The Atrocity Archives - Charles Stross There is a list floating around Tumblr of Bioware voice actors who have narrated audiobooks. Having fallen in love with Fenris’ voice in Dragon Age II, I decided that The Atrocity Archives, read by Gideon Emery, was a necessary listen from Audible. Not that I blindly listen to an audiobook just because I want to hear sexy sweet nothings in my ear all day. The book’s blurb actually sounded interesting – though it certainly helped my enjoyment to believe that the character of Bob Howard looks exactly like Fenris, if Fenris happened to be moonlighting as a snarky IT guy who works for The Laundry.

Bob Howard is an employee at the Laundry Files, a bureaucratic organization that covertly monitors and deals with occult activities and the connections between other dimensions. He normally spends his day doing typical, mundane IT guy things, such as sorting through the messes Fred from accounting has made of his computer. Once or twice, he’s been sent out into the field, but after an unfortunate incident during an IT/Occult training course, Bob’s actions bring him to the attention of the Counter Possession Unit and leads him into doing a lot more out-of-office work.

I really liked that Bob is not a stereotypical, introverted nerd tossed into field work where he can skillfully display his incompetence in a mock attempt at playing a geeky James Bond. Bob might need to brush up on protocol and procedure, such as what not to do when a gorgeous redheaded scientist is kidnapped, but otherwise, Bob is quite capable of handling himself in the field and is a unique character unto himself.

For the first half, both Emery and the story kept me very entertained. Emery did an excellent job of making sure Bob’s attitude didn’t go over the edge and into the realm of unlikable characters and I loved the way Stross seamlessly worked in the occult aspects, solidly grounding them in reality through science and technology. There were a lot of technical references, but they were delivered with wit and sarcasm to make them amusing, and explained succinctly enough to make them accessible to someone as clueless about such technology as I am.

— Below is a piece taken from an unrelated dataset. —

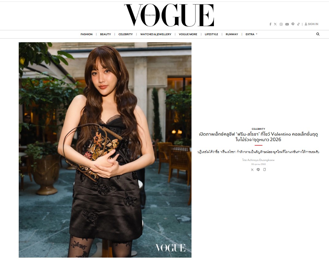 โว้กประเทศไทยเผยภาพเอ็กซ์คลูซีฟของ ‘ฟรีน-สโรชา’ แบรนด์แอมบาสเดอร์ของ Valentino ที่ร่วมชมโชว์คอลเล็กชั่นฤดูใบไม้ร่วง/ฤดูหนาว ประจำปี 2026 ‘Valentino Fireflies’ ภายใต้การนำของ Alessandro Michele ครั้งนี้ถือเป็นการปรากฏตัวครั้งที่สามของเธอที่ปารีสแฟชั่นวีก แต่ก็ยังคงสร้างปรากฏการณ์อย่างถล่มทลาย ด้วยเสน่ห์ที่ผสมผสานความเป็น Valentino เข้ากับเอกลักษณ์ได้อย่างลงตัว จนกลายเป็นอีกหนึ่งไฮไลต์ที่สื่อแฟชั่นต่างให้ความสนใจและมีการพูดถึงอย่างต่อเนื่อง

Unfortunately, this changes in the second half, once the Atrocity Archives are discovered and the plot thickens. At this point, explanations start to take over the story as Stross works in all sorts of details about Hitler’s obsession with the occult. It is all relevant to the plot, but where previous explanations were pithy, amusing and interesting, these were tiresome, interruptive wiki entries that slowed down what should have been the action part of the novel.

Because of this, a series that I initially expected to continue with became disappointing, though not so much so that I wouldn't allow Fenris to seduce me into reading more books in the series.